━━━━━ Record excerpts

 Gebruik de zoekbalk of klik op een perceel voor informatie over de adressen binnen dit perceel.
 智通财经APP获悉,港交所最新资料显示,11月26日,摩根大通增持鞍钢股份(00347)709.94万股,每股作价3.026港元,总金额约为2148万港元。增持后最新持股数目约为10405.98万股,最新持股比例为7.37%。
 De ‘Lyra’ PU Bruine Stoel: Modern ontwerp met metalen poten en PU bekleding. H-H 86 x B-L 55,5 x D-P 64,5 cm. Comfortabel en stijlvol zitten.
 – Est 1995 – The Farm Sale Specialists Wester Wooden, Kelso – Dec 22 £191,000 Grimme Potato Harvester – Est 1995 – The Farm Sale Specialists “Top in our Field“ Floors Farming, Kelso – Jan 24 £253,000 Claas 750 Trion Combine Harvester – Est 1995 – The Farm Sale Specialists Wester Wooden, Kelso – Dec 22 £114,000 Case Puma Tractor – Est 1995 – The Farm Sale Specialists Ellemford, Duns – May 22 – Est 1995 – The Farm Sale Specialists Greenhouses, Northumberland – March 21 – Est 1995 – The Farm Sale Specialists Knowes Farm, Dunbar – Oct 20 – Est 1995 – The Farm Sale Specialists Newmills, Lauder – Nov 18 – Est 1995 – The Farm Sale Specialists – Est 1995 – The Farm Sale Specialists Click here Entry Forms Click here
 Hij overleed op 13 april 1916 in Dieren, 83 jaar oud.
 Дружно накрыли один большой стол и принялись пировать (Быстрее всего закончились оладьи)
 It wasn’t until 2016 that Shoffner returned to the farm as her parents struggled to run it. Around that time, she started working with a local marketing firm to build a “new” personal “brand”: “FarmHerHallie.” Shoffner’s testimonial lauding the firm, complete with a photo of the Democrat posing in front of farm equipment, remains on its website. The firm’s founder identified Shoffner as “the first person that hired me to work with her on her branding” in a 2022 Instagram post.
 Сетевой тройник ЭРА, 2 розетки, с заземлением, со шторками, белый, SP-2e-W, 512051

━━━━━━━━━━
━━━━━ Record excerpts

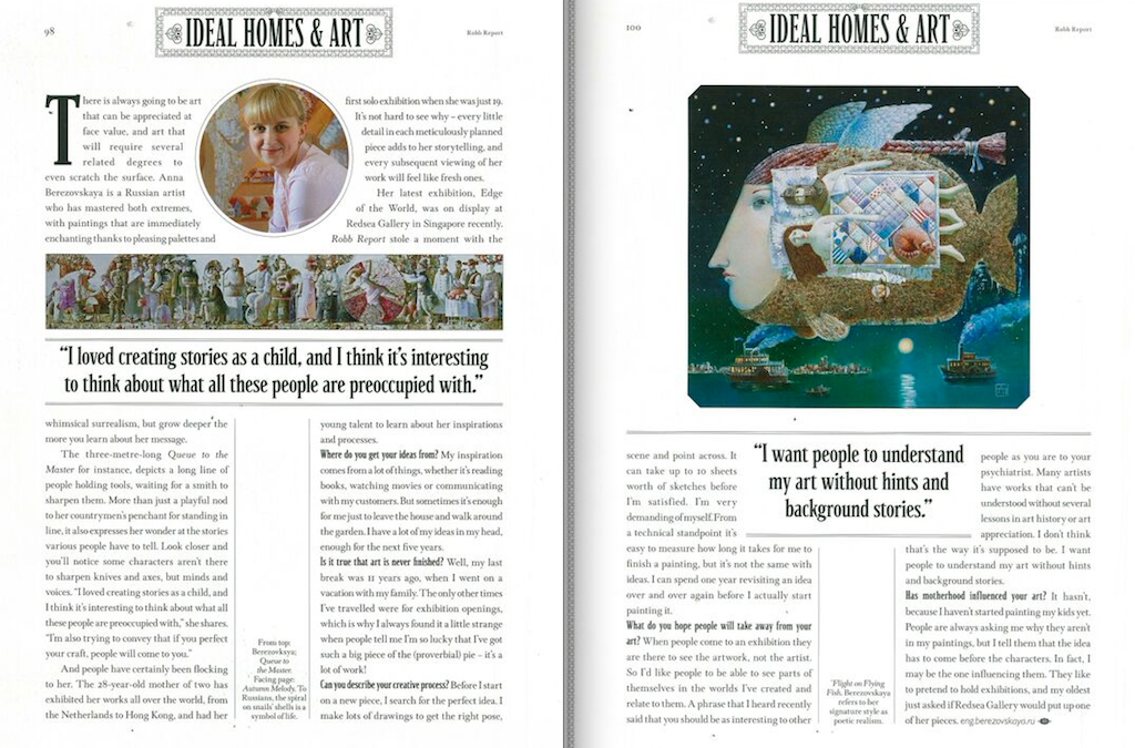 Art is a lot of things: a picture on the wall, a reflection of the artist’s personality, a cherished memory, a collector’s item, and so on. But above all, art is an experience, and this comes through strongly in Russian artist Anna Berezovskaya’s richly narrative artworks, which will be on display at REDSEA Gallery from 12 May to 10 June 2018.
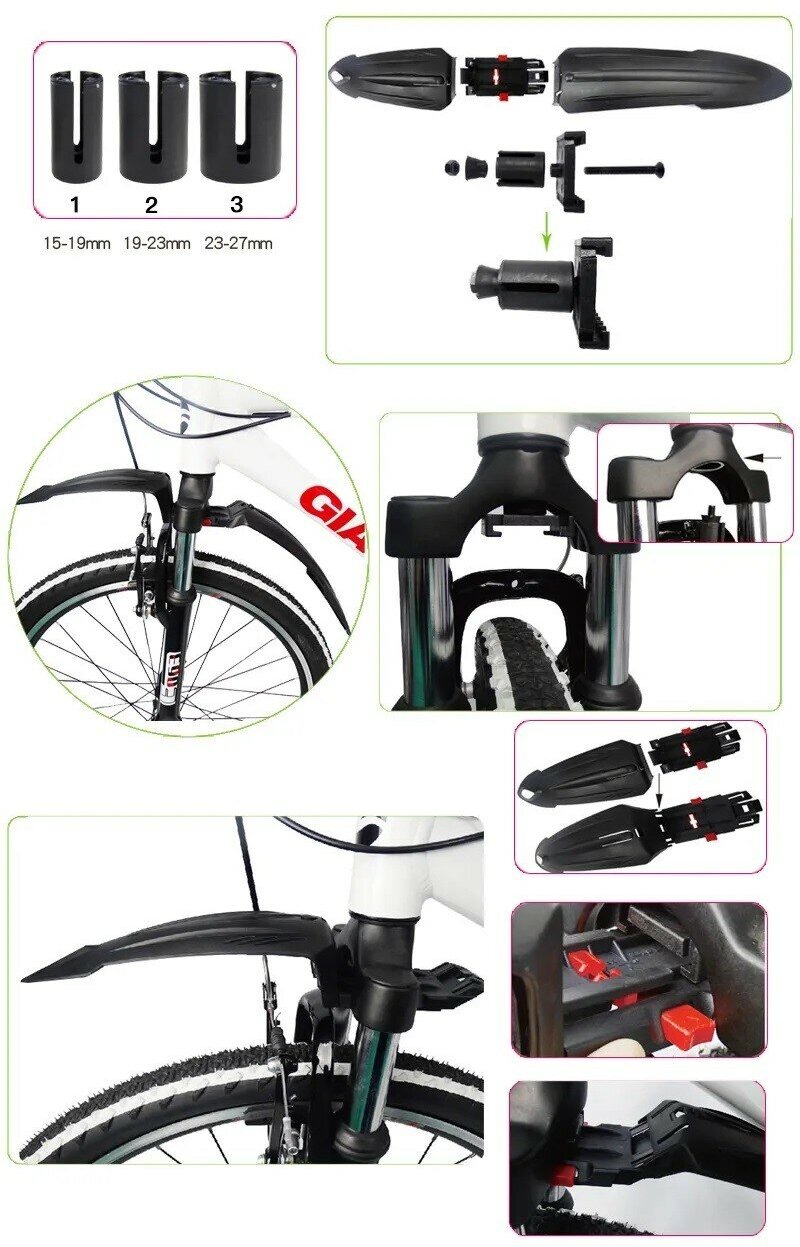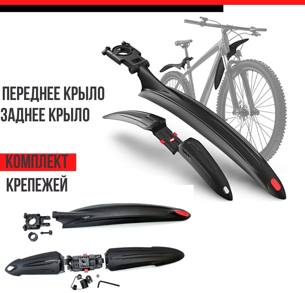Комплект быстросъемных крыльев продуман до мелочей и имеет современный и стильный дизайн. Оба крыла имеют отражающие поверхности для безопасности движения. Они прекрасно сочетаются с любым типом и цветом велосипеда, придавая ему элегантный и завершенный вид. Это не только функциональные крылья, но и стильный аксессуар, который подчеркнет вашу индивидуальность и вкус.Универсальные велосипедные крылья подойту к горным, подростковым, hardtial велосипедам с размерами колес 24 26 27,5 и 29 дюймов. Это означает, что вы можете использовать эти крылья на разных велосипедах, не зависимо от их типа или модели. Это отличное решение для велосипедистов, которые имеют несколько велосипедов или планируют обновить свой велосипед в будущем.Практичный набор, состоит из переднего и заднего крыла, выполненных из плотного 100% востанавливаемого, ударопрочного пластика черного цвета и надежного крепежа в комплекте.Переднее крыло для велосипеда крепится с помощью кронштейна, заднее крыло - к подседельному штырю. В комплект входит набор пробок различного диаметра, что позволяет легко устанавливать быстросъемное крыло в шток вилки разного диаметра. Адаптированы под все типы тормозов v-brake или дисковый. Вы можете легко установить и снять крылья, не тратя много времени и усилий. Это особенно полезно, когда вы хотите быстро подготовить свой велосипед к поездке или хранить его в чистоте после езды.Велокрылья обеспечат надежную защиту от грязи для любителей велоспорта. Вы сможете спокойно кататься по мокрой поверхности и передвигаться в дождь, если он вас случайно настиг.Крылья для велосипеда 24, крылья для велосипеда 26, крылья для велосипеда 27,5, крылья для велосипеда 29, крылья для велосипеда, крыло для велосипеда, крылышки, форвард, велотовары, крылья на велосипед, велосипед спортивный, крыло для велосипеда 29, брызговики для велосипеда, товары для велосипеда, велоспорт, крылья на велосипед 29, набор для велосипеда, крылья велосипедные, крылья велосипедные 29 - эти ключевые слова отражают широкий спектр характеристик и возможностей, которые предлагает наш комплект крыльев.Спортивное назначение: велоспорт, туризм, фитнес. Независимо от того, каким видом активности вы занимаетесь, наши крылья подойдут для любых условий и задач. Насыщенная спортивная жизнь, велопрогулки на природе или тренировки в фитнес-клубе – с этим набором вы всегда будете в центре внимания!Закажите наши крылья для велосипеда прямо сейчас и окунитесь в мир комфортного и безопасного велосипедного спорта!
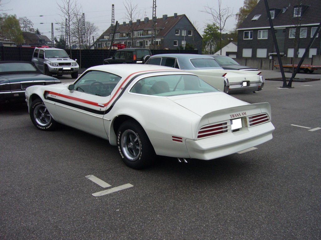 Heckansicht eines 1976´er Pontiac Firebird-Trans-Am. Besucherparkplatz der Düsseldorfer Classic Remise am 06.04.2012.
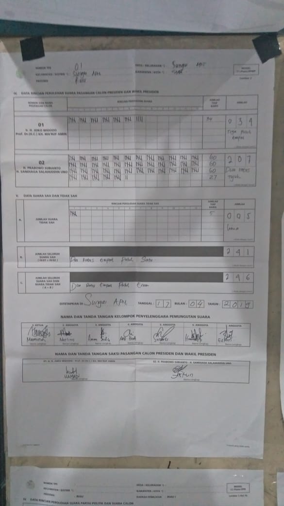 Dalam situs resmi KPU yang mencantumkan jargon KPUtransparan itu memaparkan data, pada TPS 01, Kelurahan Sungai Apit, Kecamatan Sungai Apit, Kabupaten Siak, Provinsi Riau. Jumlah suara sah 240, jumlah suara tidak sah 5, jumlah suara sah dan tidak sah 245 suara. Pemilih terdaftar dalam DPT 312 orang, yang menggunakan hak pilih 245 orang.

━━━━━━━━━━
━━━━━ Record excerpts

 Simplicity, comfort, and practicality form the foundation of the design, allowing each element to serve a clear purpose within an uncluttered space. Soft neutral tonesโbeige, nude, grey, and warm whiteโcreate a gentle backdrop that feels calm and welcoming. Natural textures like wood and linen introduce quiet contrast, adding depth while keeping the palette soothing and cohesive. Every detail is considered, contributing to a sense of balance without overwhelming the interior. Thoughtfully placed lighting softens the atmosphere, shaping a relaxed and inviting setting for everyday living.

━━━━━━━━━━

**Work required:**
Take the stretch of lines above from the one containing "Forms Click here" through the one containing "Сетевой тройник ЭРА, 2" and repeat it exactly, adding no other line.

**Result of this task:**
 – Est 1995 – The Farm Sale Specialists Wester Wooden, Kelso – Dec 22 £191,000 Grimme Potato Harvester – Est 1995 – The Farm Sale Specialists “Top in our Field“ Floors Farming, Kelso – Jan 24 £253,000 Claas 750 Trion Combine Harvester – Est 1995 – The Farm Sale Specialists Wester Wooden, Kelso – Dec 22 £114,000 Case Puma Tractor – Est 1995 – The Farm Sale Specialists Ellemford, Duns – May 22 – Est 1995 – The Farm Sale Specialists Greenhouses, Northumberland – March 21 – Est 1995 – The Farm Sale Specialists Knowes Farm, Dunbar – Oct 20 – Est 1995 – The Farm Sale Specialists Newmills, Lauder – Nov 18 – Est 1995 – The Farm Sale Specialists – Est 1995 – The Farm Sale Specialists Click here Entry Forms Click here
 Hij overleed op 13 april 1916 in Dieren, 83 jaar oud.
 Дружно накрыли один большой стол и принялись пировать (Быстрее всего закончились оладьи)
 It wasn’t until 2016 that Shoffner returned to the farm as her parents struggled to run it. Around that time, she started working with a local marketing firm to build a “new” personal “brand”: “FarmHerHallie.” Shoffner’s testimonial lauding the firm, complete with a photo of the Democrat posing in front of farm equipment, remains on its website. The firm’s founder identified Shoffner as “the first person that hired me to work with her on her branding” in a 2022 Instagram post.
 Сетевой тройник ЭРА, 2 розетки, с заземлением, со шторками, белый, SP-2e-W, 512051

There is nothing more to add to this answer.